We firmly believe that operations are an underexploited route to value creation. Among the growing number of successful deals closed by traditional firms following in these first movers’ footsteps is the $47 billion merger of Procter & Gamble (P&G) and Gillette in 2005. The prompt integration of operational processes, particularly in sales and procurement, led to a speedier integration, smoother transition and faster realization of synergies. At P&G and Gillette, and similar companies, ODD and attentive merger planning are quickly boosting the value of the merged company.

Unlocking the value in operations is an art and a science. Doing it well requires the following:

  • Understanding the true full operational potential.
  • Identifying and quantifying improvement opportunities that can be implemented quickly.
  • Determining possible land mines that may constrain or, even worse, disrupt the growth of target companies.
  • Developing a resource plan and implementing the initiatives with the cooperation of the operations team (a critical but often neglected element of the due diligence process).
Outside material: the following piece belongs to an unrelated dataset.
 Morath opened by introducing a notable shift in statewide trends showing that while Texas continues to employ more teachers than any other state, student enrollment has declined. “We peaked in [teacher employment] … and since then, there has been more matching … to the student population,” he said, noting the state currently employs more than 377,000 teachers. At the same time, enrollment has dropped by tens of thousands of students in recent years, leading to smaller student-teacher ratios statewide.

DUE DILIGENCE: THE CLASSIC APPROACH

Due diligence is an overall term that typically refers to three broad areas: CDD or strategic due diligence, which seeks to determine if a market exists, analyze whether it’s attractive, and map out the competitive landscape; legal due diligence (LDD), which analyzes contracts and other documents; and financial due diligence (FDD), which looks for inconsistencies in the accounts. We refer to this three-in-one approach as classic due diligence. Though it has served acquirers well in the past when increases in earnings multiples or the ability to increase financial leverage might have been sufficient, the approach fails in evaluating a firm’s operations and the ability to execute a business plan.
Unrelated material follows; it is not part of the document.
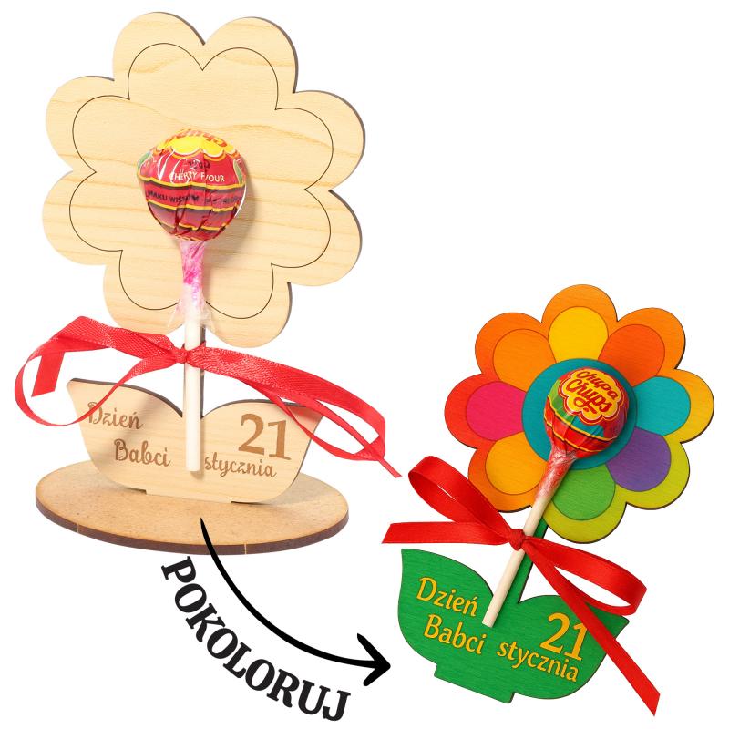 Statuetka kolorowanka na lizaka na Dzień Babci grawerowany kwiatek dla Babci

The FDD and LDD work streams focus on building a historical fact base, particularly in relation to regulatory and compliance issues. They typically provide caveat emptor advice, often with many facts but little prioritization of risks, and are backward-looking by nature. These work streams provide a context within which a target’s future performance can be evaluated.

By contrast, the CDD work stream typically provides a forward-looking evaluation of the target’s prospects, focusing on the business and industry fundamentals and evaluating the firm’s strategy and competitive position. CDD includes analysis of the markets the company is currently in, potential new markets it could address through new products and services, and the degree to which it is suitably positioned to target that growth. It should assess the risks and challenges, such as technology changes, that might impact how the market is likely to evolve, or assess regulatory risk. It could, for example, include an assessment of the likelihood of a mining company obtaining a new license to expand its operations. Often, however, say CDD critics, it places too much emphasis on best-case scenarios.

Investors use CDD analyses and insights to refine their bid-valuation model but this often does not adequately consider the firm’s operations. Consequently, performance gaps that could provide short-term value-creation opportunities, when overlooked, lead to two significant challenges for acquiring companies: first, the inability to establish the firm’s true full potential and, second, the inability to determine the real business risks. Failure to assess properly a target’s internal inefficiencies is often the reason acquisitions that previously appeared attractive ultimately disappoint.

OPERATIONS DUE DILIGENCE

Operations due diligence (ODD) complements the scope of a CDD and, through its focus on the target’s operational capabilities, aims to bridge the classic due diligence gap. Operations due diligence is executed in an integrated manner alongside CDD, with the two work streams collaborating to incorporate each other’s findings.

Commercial due diligence (see Figure 6.2) focuses on the target’s strategy, competitive position, and industry attractiveness, and assesses growth opportunities and portfolio synergies. Operations due diligence (see Figure 6.3) focuses on providing a deeper understanding of the target’s business operations, including manufacturing, supply chain, cost base, organizational structure, resourcing, and operations planning, and provides a balanced view of an investment’s opportunities and potential pitfalls, nailing down the full potential value. This kind of analysis helps buyers understand what kind of value they can squeeze out of the company from within. Not least, ODD provides the wherewithal for a reality-based conversation with the acquirer about the target business.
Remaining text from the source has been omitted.